В устряловском государственническом пафосе, несомненно, слышен отзвук германского этатизма, философски обоснованного Гегелем и Фихте, исторически подкрепленного Моммзеном и Трейчке, художественно воспетого Клейстом и Геббелем. Конкретная, "тактическая" политология лидера национал-большевизма, безусловно, густо замешана на пугающем реализме рекомендаций "великого флорентийца" Макиавелли, к коему восходит кардинальный устряловский тезис: "нравственная политика есть реальная политика" (как все это далеко от детского лепета о "христианской политике" Соловьева и Трубецкого!) Но и в русской культуре, якобы абсолютно "анархической", ему было что почерпнуть. Карамзин, Пушкин, Погодин, С.М. Соловьев, Б.Н. Чичерин, Катков, Р.А. Фадеев, Леонтьев, Победоносцев, — все они, при порой кричащих противоречиях, сходились в одном: единственная творческая сила в России — государство, русское же общество — аморфно, неструктурированно и потому лишено созидательного начала ("мартобрь" 1917-го дал много материала для подтверждения этой мысли). Наиболее близким по времени (и соответственно, наиболее сильным) стало влияние на молодого правоведа концепции либерального империализма П.Б. Струве ("Великая Россия"), с ее принципиальным положением о приоритете внешней политики над внутренней. Публицистика харбинского мыслителя буквально пронизана струвовскими реминисценциями, — от заглавий статей до скрытых и открытых цитат. Устрялов совершенно справедливо считал себя учеником Струве, лучшим учеником, — добавлю от себя. С последним никогда бы не согласился Петр Бернгардович, но это "обычная история": старшие всегда ставят не на тех, по остроумному наблюдению С.С. Аверинцева.

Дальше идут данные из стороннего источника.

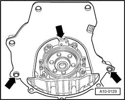- Engage intermediate plate on sealing flange and press onto dowel sleeves (arrows).

Государственником Николай Васильевич сделался еще в самом нежном возрасте, когда он страшно переживал за позорный провал России в русско-японской войне 1904–1905 гг. (не очень типичная позиция для "интеллигентного юноши" той эпохи): "Сколько горьких слез украдкой было пролито в те месяцы в порывах свежего отроческого патриотизма! Так мучительно мечталось о нашей победе! <…> Пораженческие настроения были безусловно чужды среде, меня окружавшей. Кажется, я даже не представлял себе, что они возможны" (16). В одной из первых своих статей "Борьба Годунова с Шуйским по А. Толстому", девятнадцатилетний этатист решительно встает на сторону первого, — носителя государственной идеи, хотя и нравственно весьма небезупречного человека, написав его "патетическую апологию" и "сопроводив ее размышлениями о "железных законах истории"<…>" (17). Тут, как в зерне, в сжатом виде уже присутствует вся философия национал-большевизма…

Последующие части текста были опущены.